The lower limit of the shear failure strength S2 at any one temperature in the range of 80° C. or more and 125° C. or less of second insulating layer 7 may be 3 MPa, or may also be 6 MPa. The upper limit of the shear failure strength S2 may be 20 MPa, or may also be 15 MPa. Due to that the shear failure strength S2 is 3 MPa or more and 20 MPa or less, since the peel strength is improved, and uniformization of the strength of each layer constituting insulating film 5 can be attained and the stress concentration can be suppressed, the cracking and interlayer peeling of insulating film 5 making a joining portion with the enclosing container of the nonaqueous electrolyte battery can be further suppressed.

The lower limit of the shear failure strength S1 at any one temperature in the range of 80° C. or more and 125° C. or less of first insulating layer 8 may be 3 MPa, or may also be 6 MPa. The upper limit of the shear failure strength S1 may be 20 MPa, or may also be 15 MPa. Due to that the shear failure strength S1 is 3 MPa or more and 20 MPa or less, since the peel strength is improved, and uniformization of the strength of each layer constituting insulating film 5 can be attained and the stress concentration can be suppressed, the cracking and interlayer peeling of insulating film 5 making a joining portion with the enclosing container of the nonaqueous electrolyte battery can be further suppressed.

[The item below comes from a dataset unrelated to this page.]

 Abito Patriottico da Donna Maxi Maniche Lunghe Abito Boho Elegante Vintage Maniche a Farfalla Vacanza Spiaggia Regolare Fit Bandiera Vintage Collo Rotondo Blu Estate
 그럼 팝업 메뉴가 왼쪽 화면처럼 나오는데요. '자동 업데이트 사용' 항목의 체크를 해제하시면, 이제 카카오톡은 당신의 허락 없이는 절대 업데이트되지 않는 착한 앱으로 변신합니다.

The shear failure strength S2 of second insulating layer 7 at any one temperature in the range of 80° C. or more and 125° C. or less, and the shear failure strength S1 of first insulating layer 8 at the same temperature as in second insulating layer 7 can be regulated, for example, by kneading two or more kinds of resins having different shear failure strengths and inorganic fillers. Specifically, for example, by adding a resin having a shear failure strength at 80° C. of as low as about 1 MPa to 3 MPa, like low-crystalline polypropylene, to a resin having a shear failure strength at 80° C. of as high as about 25 MPa, like homo polypropylene, in a suitable mass ratio, these layers can be regulated to a target low shear failure strength. Also by adding inorganic fillers such as a flame retardant and a filler in a suitable mass ratio, these layers can be regulated to a target high shear failure strength.

[Method for Manufacturing the Insulating Film]

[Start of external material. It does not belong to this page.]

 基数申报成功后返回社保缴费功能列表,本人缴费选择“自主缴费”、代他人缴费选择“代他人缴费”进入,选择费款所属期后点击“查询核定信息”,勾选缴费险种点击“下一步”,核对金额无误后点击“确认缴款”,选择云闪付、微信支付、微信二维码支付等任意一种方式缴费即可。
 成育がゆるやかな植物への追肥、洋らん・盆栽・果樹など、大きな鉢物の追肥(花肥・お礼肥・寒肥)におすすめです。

A method for manufacturing the insulating film of the present disclosure is not especially limited. For example, respective resin compositions for forming the conductor-covering layer, the second insulating layer and the first insulating layer, containing respective resin compositions and additives, are mixed using a well-known mixing apparatus such as an open roll, a pressure kneader, a single-screw mixing machine or a twin-screw mixing machine. Then, in the case of fabricating a single-layer film, each film-shape layer of the conductor-covering layer, the second insulating layer and the first insulating layer can be fabricated by extrusion such as T-die molding or inflation molding. Then, the insulating film is fabricated by superposing the each layer of the conductor-covering layer, the second insulating layer and the first insulating layer and laminating the resultant by thermal lamination. Further in the case of simultaneously fabricating a plurality of layers, an inflation method or a T-die method using co-extrusion can be used. Further, there can also be used an extrusion lamination method which laminates a melted resin on a film formed as a single layer.

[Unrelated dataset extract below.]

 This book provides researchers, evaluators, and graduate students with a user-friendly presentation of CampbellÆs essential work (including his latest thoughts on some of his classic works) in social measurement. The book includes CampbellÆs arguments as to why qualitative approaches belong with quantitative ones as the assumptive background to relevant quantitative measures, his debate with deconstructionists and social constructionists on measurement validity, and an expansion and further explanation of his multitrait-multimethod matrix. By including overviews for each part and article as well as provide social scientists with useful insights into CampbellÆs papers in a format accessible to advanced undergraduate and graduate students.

The lead wire for a nonaqueous electrolyte battery, due to using the insulating film, is excellent in the adhesivity under high temperatures with the enclosing container of the nonaqueous electrolyte battery.

[Method for Manufacturing the Lead Wire for a Nonaqueous Electrolyte Battery]

A method for manufacturing lead wire for a nonaqueous electrolyte battery, 1, is not especially limited, and lead wire for a nonaqueous electrolyte battery, 1, can be manufactured by a known method.

The lead wire for a nonaqueous electrolyte battery is excellent in the adhesivity under high temperatures with the enclosing container of the nonaqueous electrolyte battery.

<Nonaqueous Electrolyte Battery>

Nonaqueous electrolyte battery 10 has the above-mentioned lead wire for a nonaqueous electrolyte battery, 1. Examples of the nonaqueous electrolyte battery include secondary batteries such as lithium ion batteries.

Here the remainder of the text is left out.